And on the shallowest level possible, I’m happier having Steven Brust and Charles Stross evident in the living room and hallway and these ones tucked away at the back of a bottom shelf in the spare room.

Magical Mystery Bookshelf Tour Stage Six: Still In The Spare Room

Posted 24 September 2008 in by Catriona

I’ve been neglecting the Magical Mystery Bookshelf Tour recently: I don’t know why. Perhaps I’m worried about boring people.

Or perhaps it’s that we’re heading into the thoroughly chaotic bookshelves, which are going to confuse people and give them a poor opinion of my organisational skills. (For the record, I labour under a combination of fairly poor spacial-organisation skills—all those years of just shoving everything under my bed, I suppose—and a partner who won’t throw anything, and I mean anything, away.)

Or perhaps it’s as simple as the fact that I’ve been busy and sick, and trying to concentrate on formal publications rather than on taking photographs of my bookshelves.

But in the rundown to mid-semester break—one more class!—I think I can spare some time for photographing my lovely, lovely books.

(Also?
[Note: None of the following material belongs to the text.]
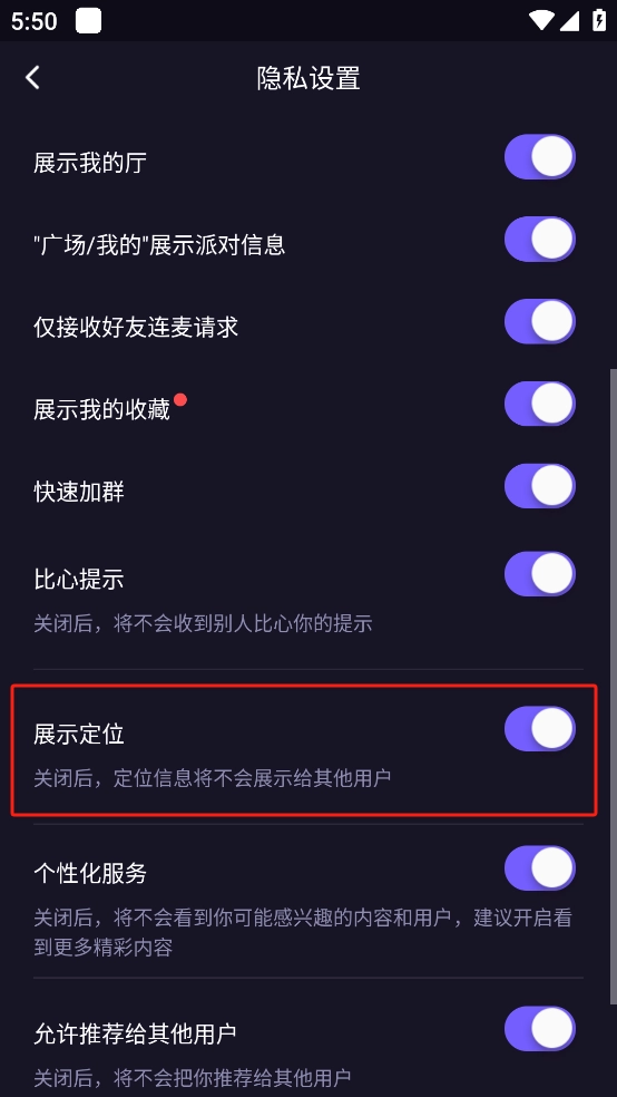 5. 向下滑动页面,找到展示定位选项,将其开关关闭就可以了。

I love my camera. These photographs are so much clearer than the earlier ones.)

I’m not showing what’s on the top of these bookcases, because it’s old stuffed toys: not many in total, but including my childhood toy, who now looks less like the beloved companion of a young child and more like the survivor of a horrific accident that included fire and traumatic amputation—he’s homemade, and while he once had little denim boots, they were made to cover his original red-felt boots, which wore away. Since his denim boots have worn away as well, he now has what look like mangled stumps on the ends of his legs, complete with dangling red strands of felt. Poor thing: I led him a hell of a life, I think. He came everywhere. And was frequently left behind, as well. I think he’s earned a nice, quiet retirement on top of a bookshelf in my spare room.

This bookshelf, though, has largely been made over to Nick’s books. Nick, being a science-fiction geek and artist, has an enormous collection of tall hardbacks—and I’m quite pleased about that, frankly, because modern bookshelves aren’t really constructed to take ordinary books. It seems to me that if you want bookshelves that will take standard paperbacks/those slightly larger paperbacks we get now/trade paperbacks, you actually have to make one yourself.

And if you do buy them, and deal with these absurdly large shelves, then the temptation is to cram more and more books on top of the existing books, to fill up the gaps—as you’ll see on a slightly lower shelf.

Actually, I probably didn’t need to mention that these are mostly Nick’s books: the fact that one of them is called The Cult of Mac probably gives it away. And, mind, he bought that book before he got his iPhone, which is the point at which he really drank the Kool-Aid. Before that, he spent so much time with his iMac that I used to called it his iMistress, but now—now it might actually be time for deprogramming.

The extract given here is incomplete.